EXERCISE —
Scan the records below for the line with "اشنائی. [ اُ" and the line with "他们生活在人迹稀少的山区,日". Repeat those two lines and every line between them exactly, and nothing else.

#### DATA FOR THIS TASK

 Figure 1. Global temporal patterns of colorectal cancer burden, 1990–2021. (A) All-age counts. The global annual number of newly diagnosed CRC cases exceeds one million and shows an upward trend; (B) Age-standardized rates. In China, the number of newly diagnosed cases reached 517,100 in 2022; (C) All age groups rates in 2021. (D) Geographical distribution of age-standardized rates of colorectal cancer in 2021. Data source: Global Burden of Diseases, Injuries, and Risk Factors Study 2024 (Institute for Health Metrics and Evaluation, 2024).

########
#### DATA FOR THIS TASK

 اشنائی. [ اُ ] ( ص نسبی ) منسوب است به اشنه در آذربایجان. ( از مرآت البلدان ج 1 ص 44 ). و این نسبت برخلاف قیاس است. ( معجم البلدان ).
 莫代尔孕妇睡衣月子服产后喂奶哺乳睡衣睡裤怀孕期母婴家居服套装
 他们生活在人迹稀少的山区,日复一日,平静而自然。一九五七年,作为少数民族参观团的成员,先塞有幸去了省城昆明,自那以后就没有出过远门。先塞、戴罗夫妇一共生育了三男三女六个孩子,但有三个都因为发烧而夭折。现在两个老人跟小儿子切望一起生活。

########

SOLUTION TO THIS EXERCISE —
 اشنائی. [ اُ ] ( ص نسبی ) منسوب است به اشنه در آذربایجان. ( از مرآت البلدان ج 1 ص 44 ). و این نسبت برخلاف قیاس است. ( معجم البلدان ).
 莫代尔孕妇睡衣月子服产后喂奶哺乳睡衣睡裤怀孕期母婴家居服套装
 他们生活在人迹稀少的山区,日复一日,平静而自然。一九五七年,作为少数民族参观团的成员,先塞有幸去了省城昆明,自那以后就没有出过远门。先塞、戴罗夫妇一共生育了三男三女六个孩子,但有三个都因为发烧而夭折。现在两个老人跟小儿子切望一起生活。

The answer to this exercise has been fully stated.